Why It Ranks
Tin Cup is Shelton's most philosophically rich sports film. Costner's Roy McAvoy is a perfect tragic hero. The U.S. Open water hazard scene is unforgettable. The film asks whether it is better to win by playing safe or lose by being yourself — and answers definitively.
The Film
Tin Cup is Ron Shelton's third great sports film — after Bull Durham and White Men Can't Jump — and it might be his most philosophically interesting. Kevin Costner plays Roy McAvoy, a driving range pro in West Texas who has the talent to be a tour champion but whose stubborn refusal to play it safe has kept him in mediocrity. When his ex-girlfriend's new boyfriend, tour star David Simms (Don Johnson), shows up to rub Roy's face in his failures, Roy qualifies for the U.S. Open to prove he belongs.

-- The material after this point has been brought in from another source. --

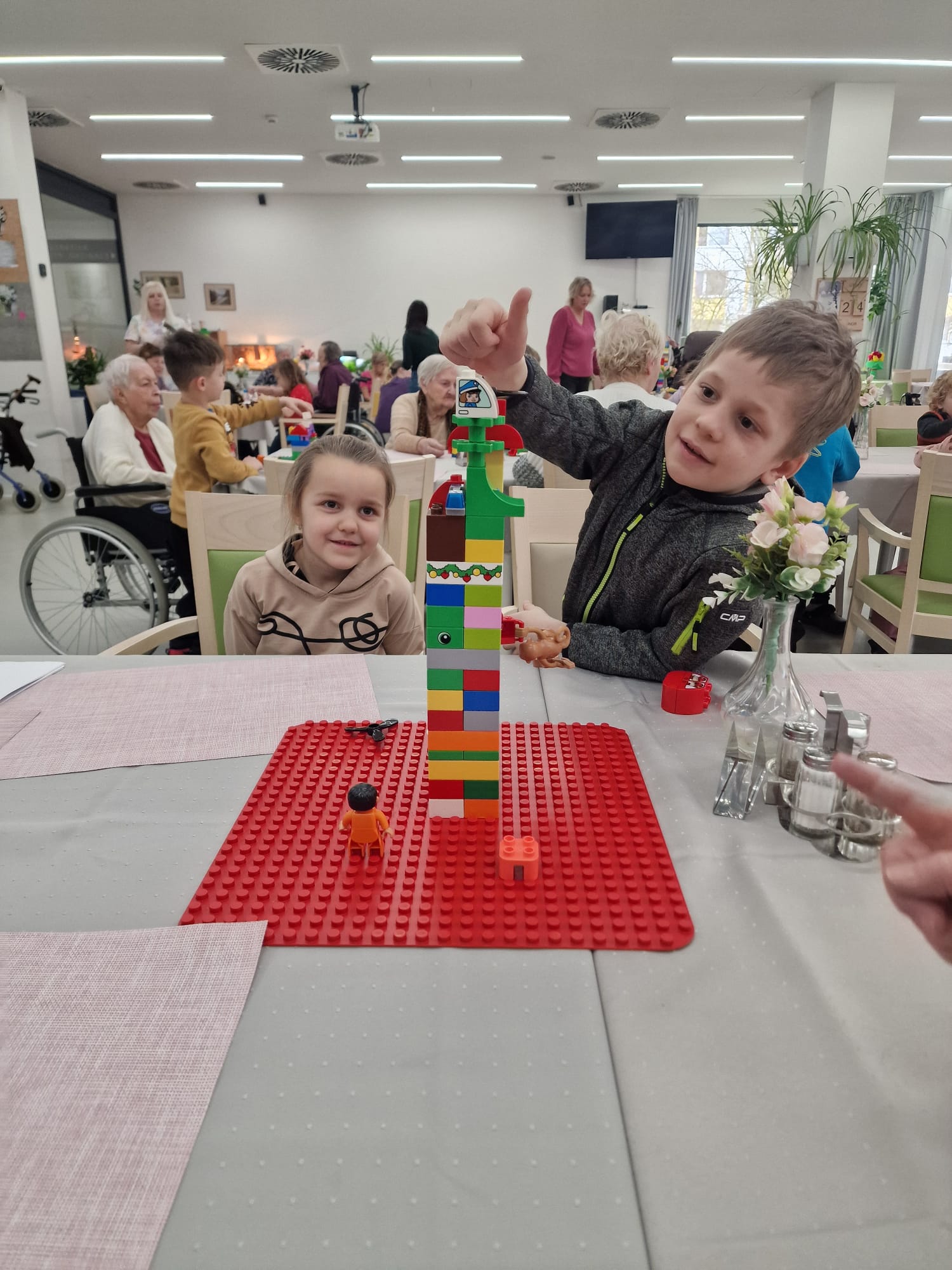 Děti společně se seniory z našeho domova měly splnit několik úkolů. První - postavit co nejvyšší maják a vyprávět dobrý skutek, který sami udělali nebo jehož byli svědkem. Druhý úkol byl postavit z kostiček stroj času a říct, kam by se strojem odcestovali.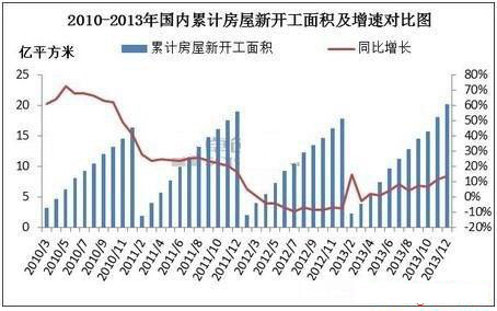 2013年,房地產(chǎn)開發(fā)企業(yè)房屋施工面積665572萬平方米,比上年增長16.1%,增速與1-11月份持平;其中,住宅施工面積486347萬平方米,增長13.4%。房屋新開工面積201208萬平方米,增長13.5%,增速提高2個(gè)百分點(diǎn)。

Costner is perfectly cast as a man whose greatest strength — his refusal to compromise — is also his fatal flaw. Rene Russo provides sharp romantic chemistry as the sports psychologist caught between the two men. Shelton understands golf's unique psychology: it is the only major sport where the enemy is yourself. Roy does not need to beat Simms. He needs to stop beating himself.
The climactic scene at the U.S. Open — where Roy repeatedly tries to reach the green on a par five instead of laying up, hitting ball after ball into the water — is one of the most agonizing and transcendent moments in sports cinema. He could play it safe and win. But playing it safe is not who he is. Tin Cup argues that there is a nobility in refusing to compromise your nature, even when it costs you everything.
Fun Facts
Kevin Costner trained with real PGA pros and developed a legitimately respectable golf swing.
Ron Shelton based the character partly on real touring pros who had the talent but not the temperament for consistent success.
The U.S. Open sequence was filmed at a real golf course in Houston, Texas.
Don Johnson's smooth villain turn was praised by critics as the perfect foil to Costner's rough-edged charm.